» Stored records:
• • • • •
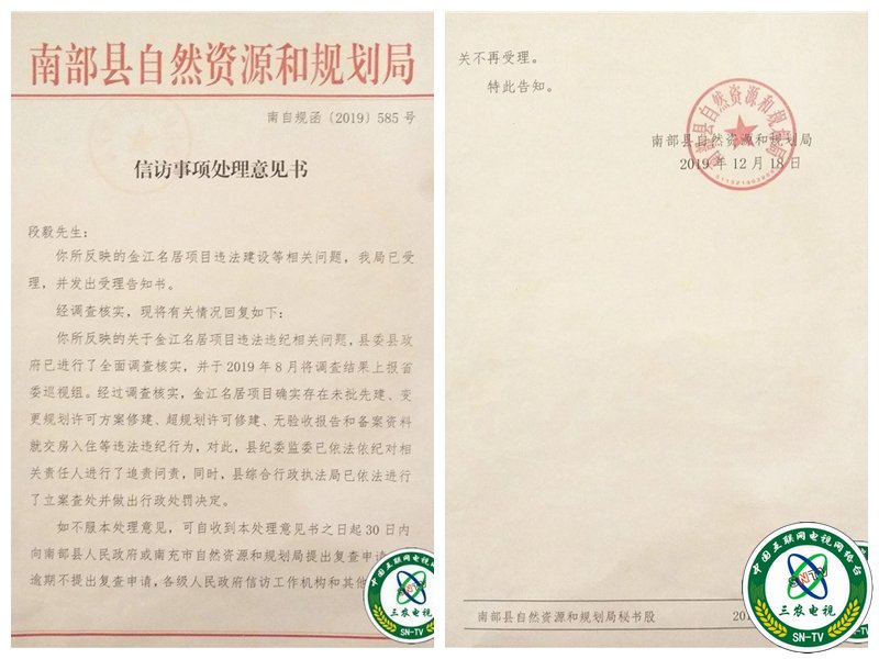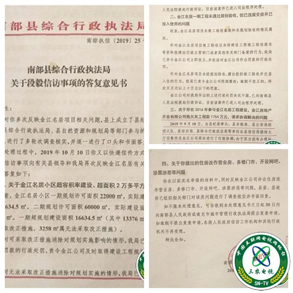 南部县自然资源和规划局2019年12月18日的信访答复意见也显示,金江项目确实存在未批先建、变更规划许可方案修建、超规划许可修建、无验收报告和备案资料就交房入住等违规违法行为。南部县纪委监委已将相关调查结果上报省委巡视组。
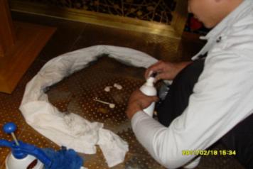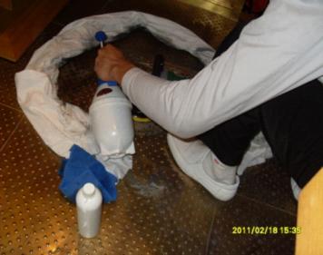 場(chǎng)地保護(hù):因施工打磨時(shí)會(huì)產(chǎn)生少量揚(yáng)塵和濺沫,故用舊布圍住四周作好防護(hù),減輕對(duì)非工作區(qū)域的影響。
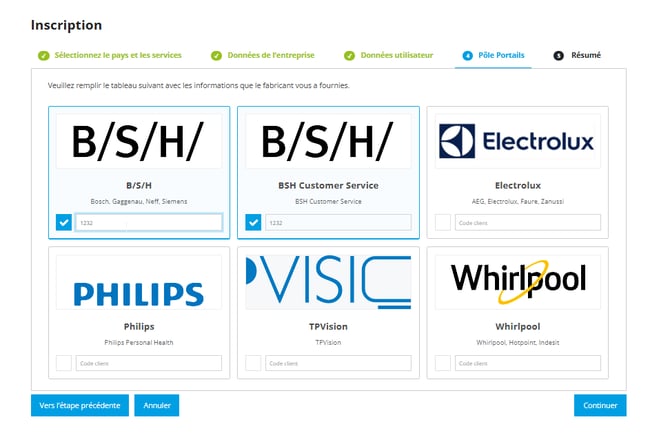 Après cette étape, vous verrez apparaître la sélection des fabricants disponibles. Sélectionnez les marques souhaitées et ajoutez votre code client.
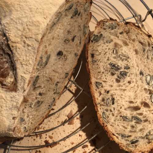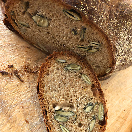 Die Zutaten außer den Kürbiskernen in der Teigmaschine zu einem Teig verarbeiten. Wenn der Teig elastisch ist, die Kürbiskerne unterkneten. In der dünn ausgeölten Teigwanne bei Raumtemperatur 2 Stunden gehen lassen. Zwischendurch einmal falten und stretchen. Dann 45 min gehen lassen. Falten und stretchen, weitere 30 min. gehen lassen. Zu einer Kugel falten und stretchen mit Griess bestreuen. Ca. 20 – 30 min. Stückgare mit Schluss nach oben und Gärfolie abgedeckt. In den auf 250º vorgeheizten Ofen mit Schluss nach oben einschießen. Reichlich beschwaden. Auf 220º reduzieren und 45 – 50 min backen.
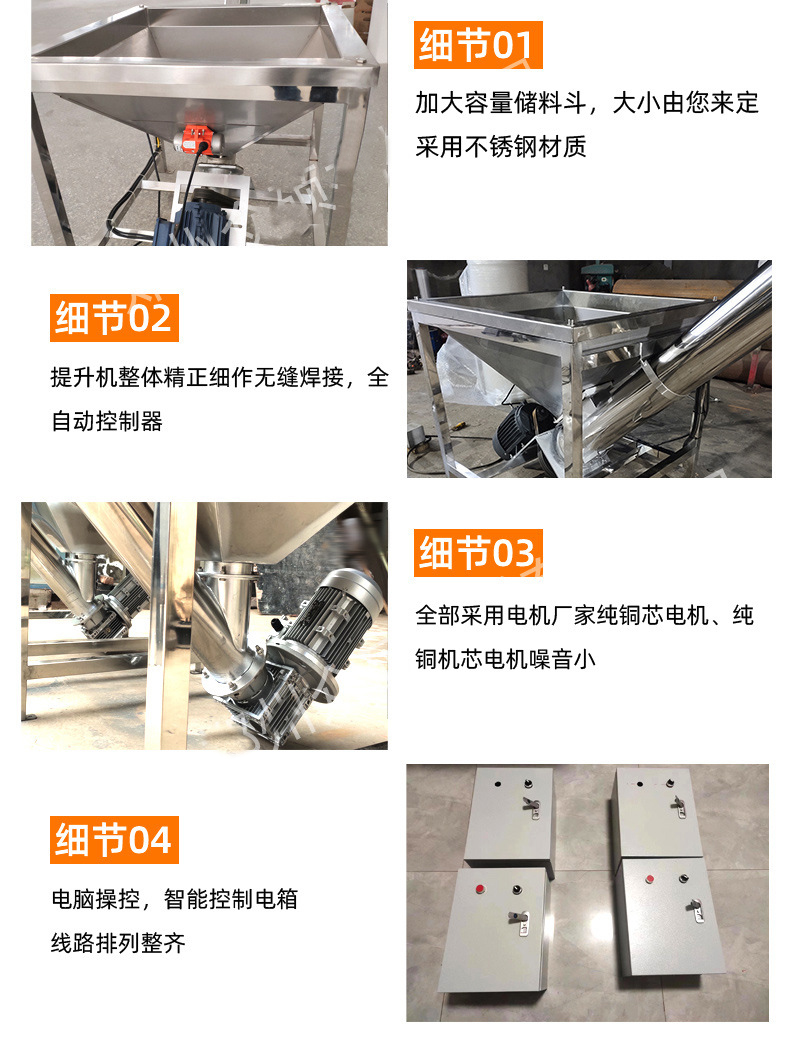 适用物料:面粉,盐,味精,中药粉,西药粉,各种饲料等。
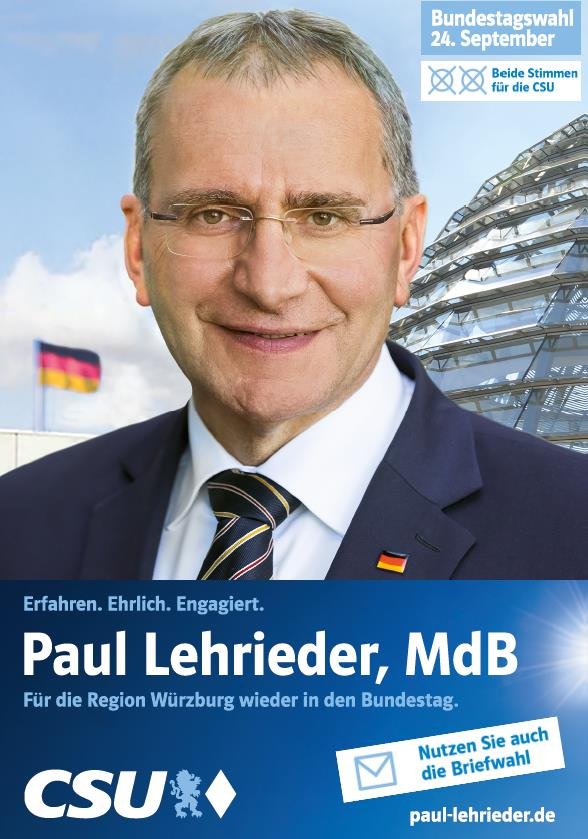 ** **im Hof zwischen Kirche und Pfarrheim mit fränkischen Spezialitäten & Musik und MdB Paul LehriederDie Bundestagswahl steht vor der Türe und damit einmal mehr eine wegweisende Entscheidung für unser Land. Deutschland steht vor großen Herausforderungen – ob in Wirtschafts- und Umweltpolitik, Außen- und Europapolitik, ob bei Bildung, Digitalisierung und gesellschaftlicher Integration – um die großen Schlagworte zu nennen. Verlässlichkeit, Sicherheit und Stabilität sind Kernanliegen der Bürgerinnen und Bürger. Dafür stehen Joachim Herrmann als Spitzenkandidat der CSU und Angela Merkel als unsere Bundeskanzlerin.
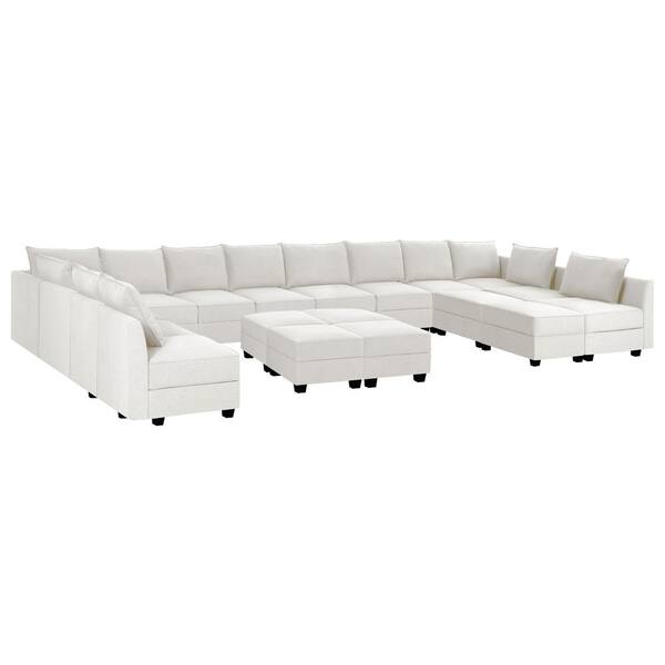 Contemporary 13 Seater Upholstered Sectional Sofa with 6 Ottoman - White Down Linen Living Room Set
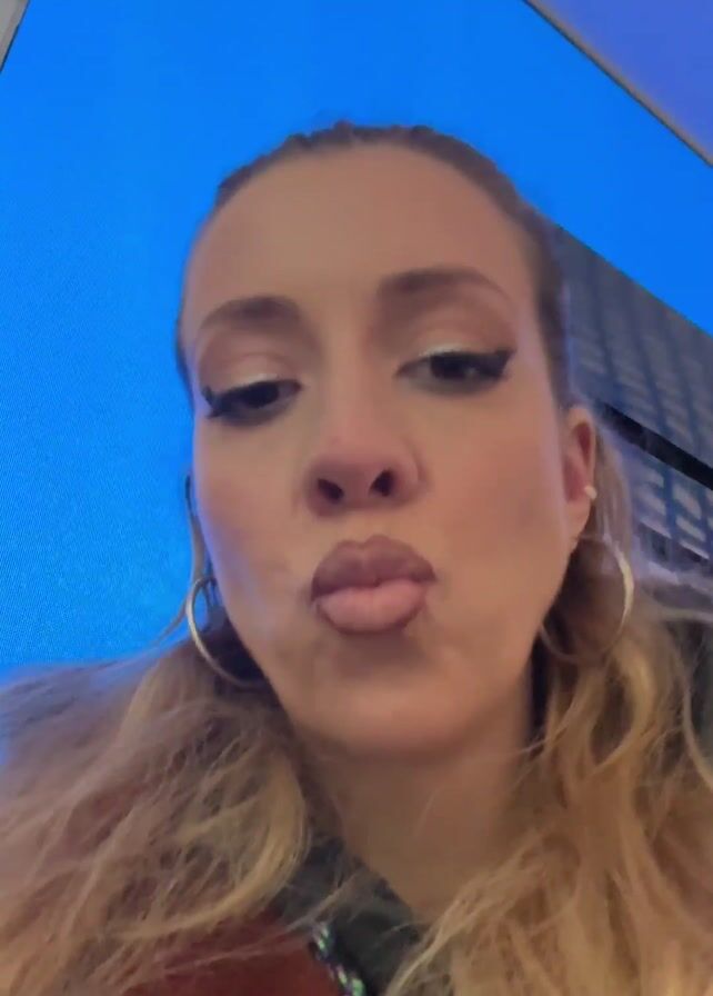 A woman with blond hair and makeup is looking directly at the camera with pursed lips
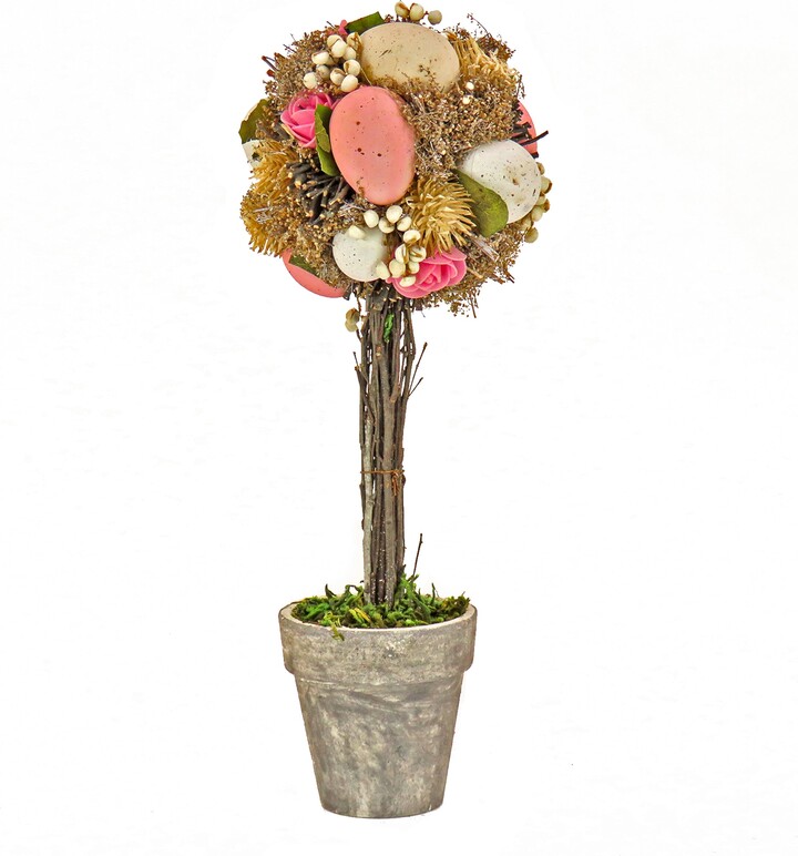 National Tree Company 14 in. Easter Single Ball Topiary Potted Plant Decorated with Pastel Eggs
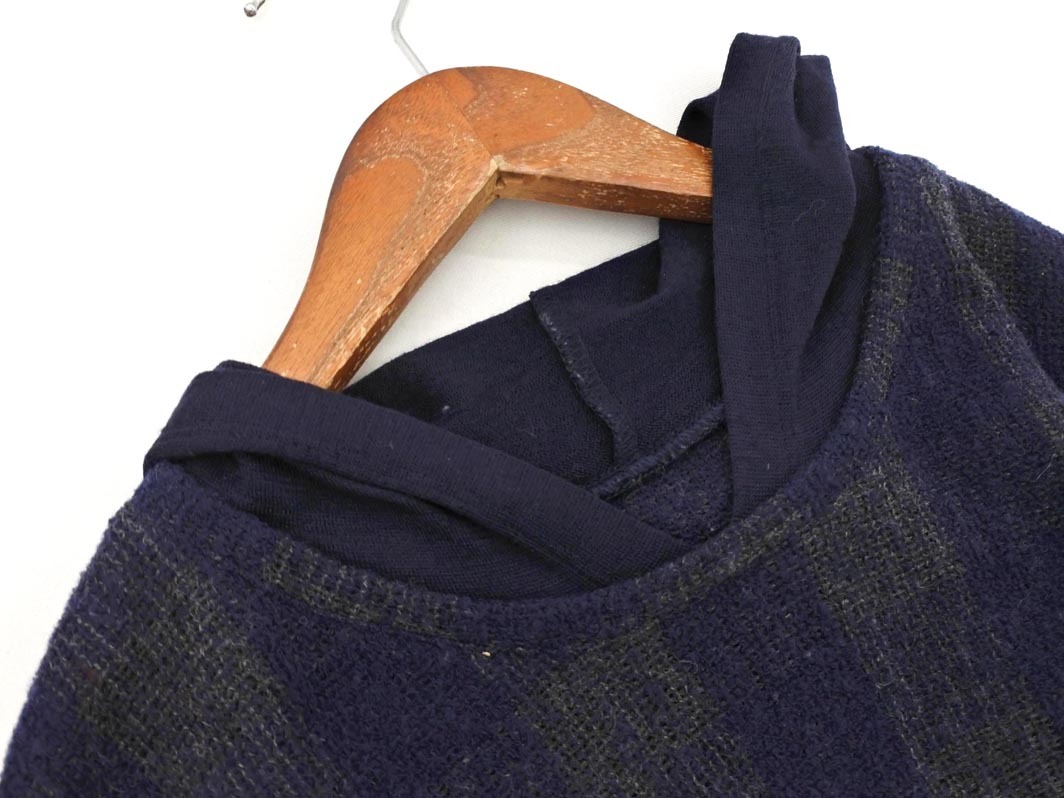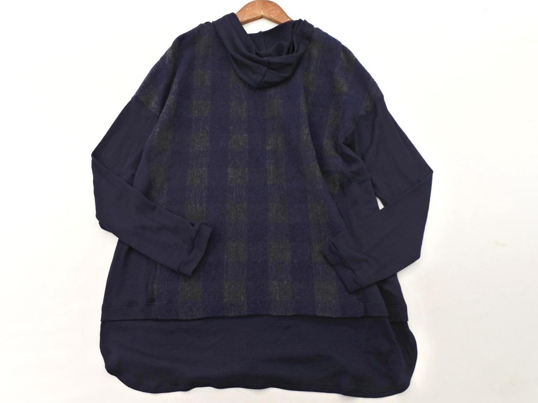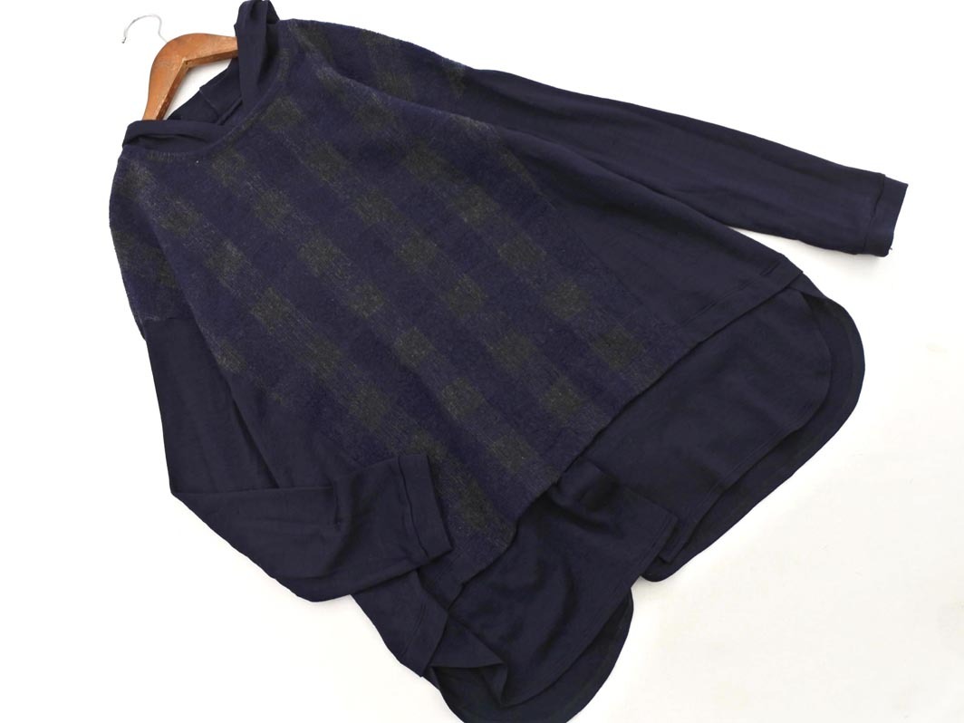 COMME CA DU MODE コム サ デ モード ウール混 フェイクレイヤード フード ニット セーター size11/紺 ◇■ ☆ fjb6 レディース 收藏
• • • • •
» Exercise goal:
From the data above, return exactly the lines from the one with "Die Zutaten außer" up to and including the one with "Contemporary 13 Seater". Pictures do not go in the copy.

» Answer for the task:
 Die Zutaten außer den Kürbiskernen in der Teigmaschine zu einem Teig verarbeiten. Wenn der Teig elastisch ist, die Kürbiskerne unterkneten. In der dünn ausgeölten Teigwanne bei Raumtemperatur 2 Stunden gehen lassen. Zwischendurch einmal falten und stretchen. Dann 45 min gehen lassen. Falten und stretchen, weitere 30 min. gehen lassen. Zu einer Kugel falten und stretchen mit Griess bestreuen. Ca. 20 – 30 min. Stückgare mit Schluss nach oben und Gärfolie abgedeckt. In den auf 250º vorgeheizten Ofen mit Schluss nach oben einschießen. Reichlich beschwaden. Auf 220º reduzieren und 45 – 50 min backen.
 适用物料:面粉,盐,味精,中药粉,西药粉,各种饲料等。
 ** **im Hof zwischen Kirche und Pfarrheim mit fränkischen Spezialitäten & Musik und MdB Paul LehriederDie Bundestagswahl steht vor der Türe und damit einmal mehr eine wegweisende Entscheidung für unser Land. Deutschland steht vor großen Herausforderungen – ob in Wirtschafts- und Umweltpolitik, Außen- und Europapolitik, ob bei Bildung, Digitalisierung und gesellschaftlicher Integration – um die großen Schlagworte zu nennen. Verlässlichkeit, Sicherheit und Stabilität sind Kernanliegen der Bürgerinnen und Bürger. Dafür stehen Joachim Herrmann als Spitzenkandidat der CSU und Angela Merkel als unsere Bundeskanzlerin.
 Contemporary 13 Seater Upholstered Sectional Sofa with 6 Ottoman - White Down Linen Living Room Set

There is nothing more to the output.